▸ **YOUR TASK**: No picture belongs in the copy. Repeat each line below exactly.

Data entries
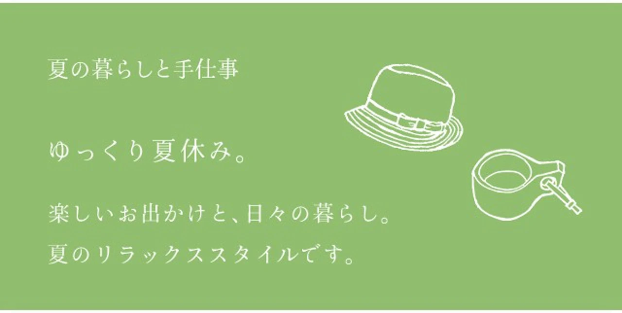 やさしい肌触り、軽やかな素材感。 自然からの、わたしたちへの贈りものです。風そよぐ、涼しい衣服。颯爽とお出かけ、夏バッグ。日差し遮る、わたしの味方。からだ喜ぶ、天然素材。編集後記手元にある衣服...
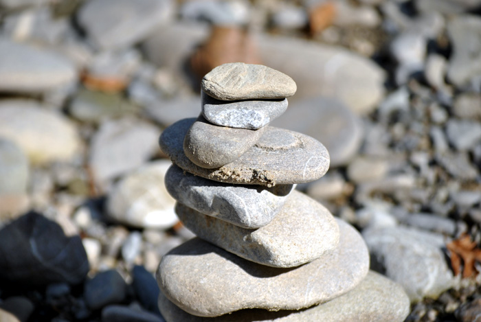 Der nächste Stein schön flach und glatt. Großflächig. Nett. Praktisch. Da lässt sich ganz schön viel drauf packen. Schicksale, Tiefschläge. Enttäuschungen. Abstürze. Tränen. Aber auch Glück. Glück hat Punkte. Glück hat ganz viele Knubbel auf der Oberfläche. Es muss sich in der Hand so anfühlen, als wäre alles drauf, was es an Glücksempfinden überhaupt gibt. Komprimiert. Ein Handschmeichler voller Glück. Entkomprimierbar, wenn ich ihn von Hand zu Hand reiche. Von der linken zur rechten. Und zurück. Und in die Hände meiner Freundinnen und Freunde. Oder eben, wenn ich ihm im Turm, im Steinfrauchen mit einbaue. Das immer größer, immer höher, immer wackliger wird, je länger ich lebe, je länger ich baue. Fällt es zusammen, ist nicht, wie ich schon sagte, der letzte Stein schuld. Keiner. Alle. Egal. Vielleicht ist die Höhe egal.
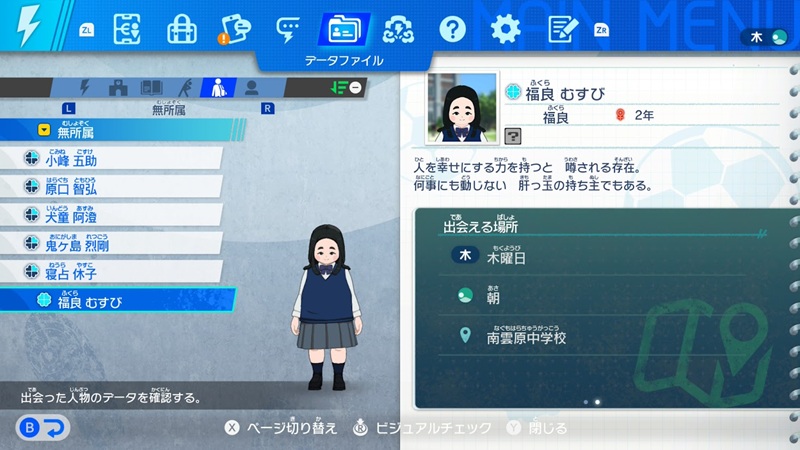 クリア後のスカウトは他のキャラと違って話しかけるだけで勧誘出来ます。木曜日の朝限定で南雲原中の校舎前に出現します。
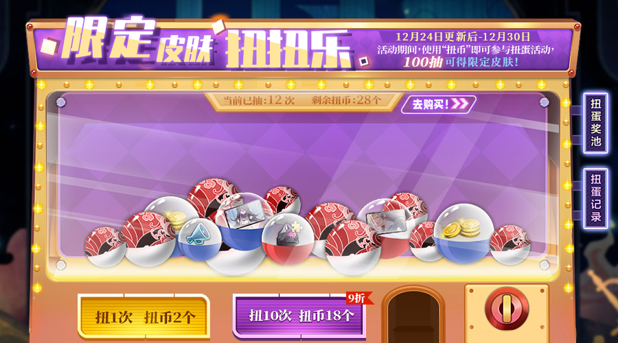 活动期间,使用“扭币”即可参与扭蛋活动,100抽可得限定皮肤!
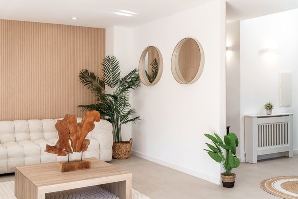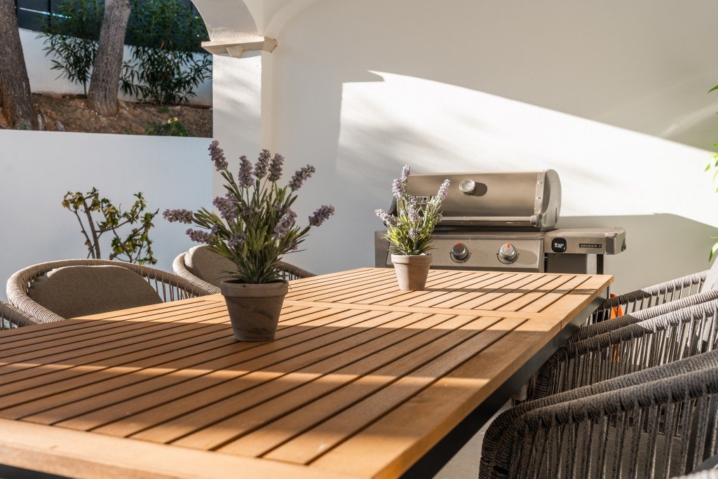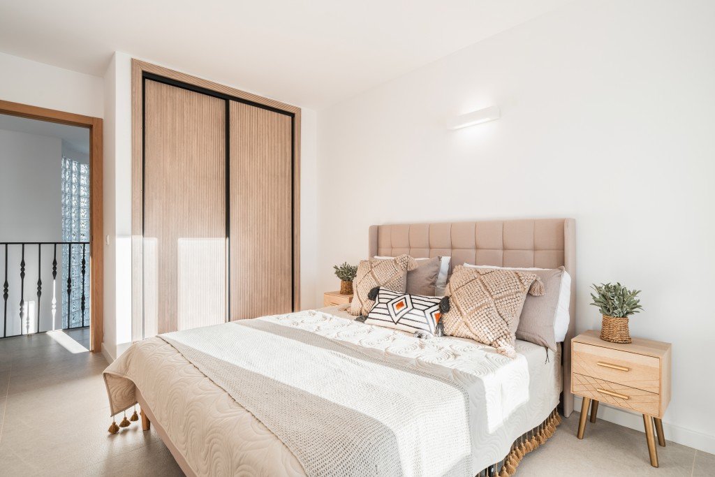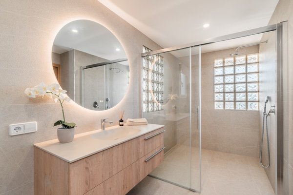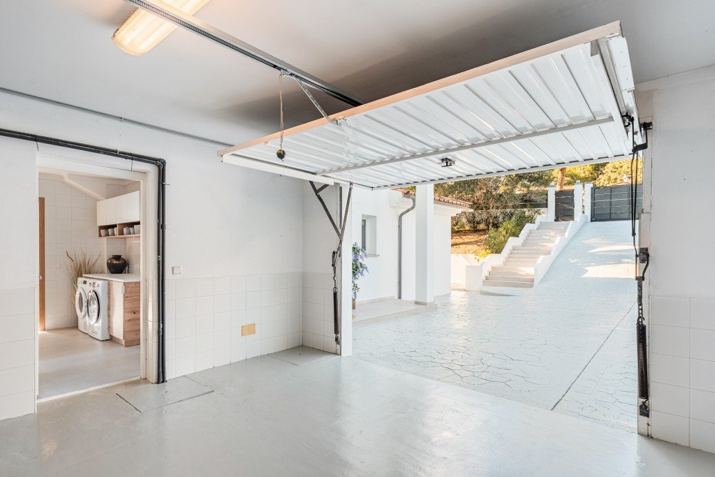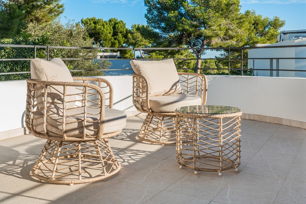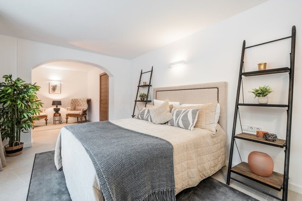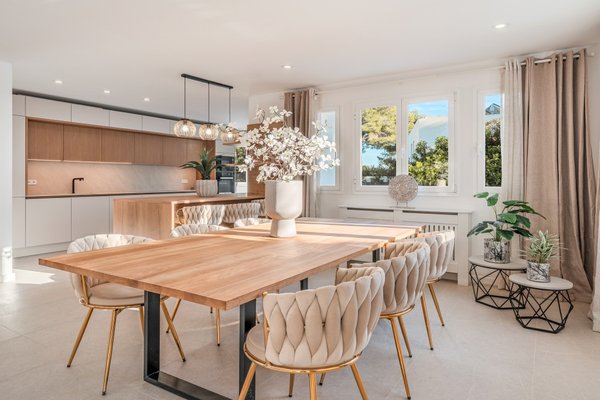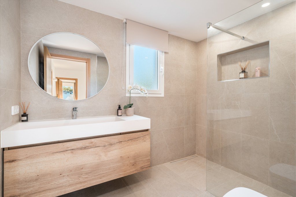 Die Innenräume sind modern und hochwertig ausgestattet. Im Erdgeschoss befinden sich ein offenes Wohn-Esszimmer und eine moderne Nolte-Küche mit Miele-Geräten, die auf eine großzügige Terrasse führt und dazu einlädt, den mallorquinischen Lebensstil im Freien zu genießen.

▸ **SOLUTION TO THIS EXERCISE**:
 やさしい肌触り、軽やかな素材感。 自然からの、わたしたちへの贈りものです。風そよぐ、涼しい衣服。颯爽とお出かけ、夏バッグ。日差し遮る、わたしの味方。からだ喜ぶ、天然素材。編集後記手元にある衣服...
 Der nächste Stein schön flach und glatt. Großflächig. Nett. Praktisch. Da lässt sich ganz schön viel drauf packen. Schicksale, Tiefschläge. Enttäuschungen. Abstürze. Tränen. Aber auch Glück. Glück hat Punkte. Glück hat ganz viele Knubbel auf der Oberfläche. Es muss sich in der Hand so anfühlen, als wäre alles drauf, was es an Glücksempfinden überhaupt gibt. Komprimiert. Ein Handschmeichler voller Glück. Entkomprimierbar, wenn ich ihn von Hand zu Hand reiche. Von der linken zur rechten. Und zurück. Und in die Hände meiner Freundinnen und Freunde. Oder eben, wenn ich ihm im Turm, im Steinfrauchen mit einbaue. Das immer größer, immer höher, immer wackliger wird, je länger ich lebe, je länger ich baue. Fällt es zusammen, ist nicht, wie ich schon sagte, der letzte Stein schuld. Keiner. Alle. Egal. Vielleicht ist die Höhe egal.
 クリア後のスカウトは他のキャラと違って話しかけるだけで勧誘出来ます。木曜日の朝限定で南雲原中の校舎前に出現します。
 活动期间,使用“扭币”即可参与扭蛋活动,100抽可得限定皮肤!
 Die Innenräume sind modern und hochwertig ausgestattet. Im Erdgeschoss befinden sich ein offenes Wohn-Esszimmer und eine moderne Nolte-Küche mit Miele-Geräten, die auf eine großzügige Terrasse führt und dazu einlädt, den mallorquinischen Lebensstil im Freien zu genießen.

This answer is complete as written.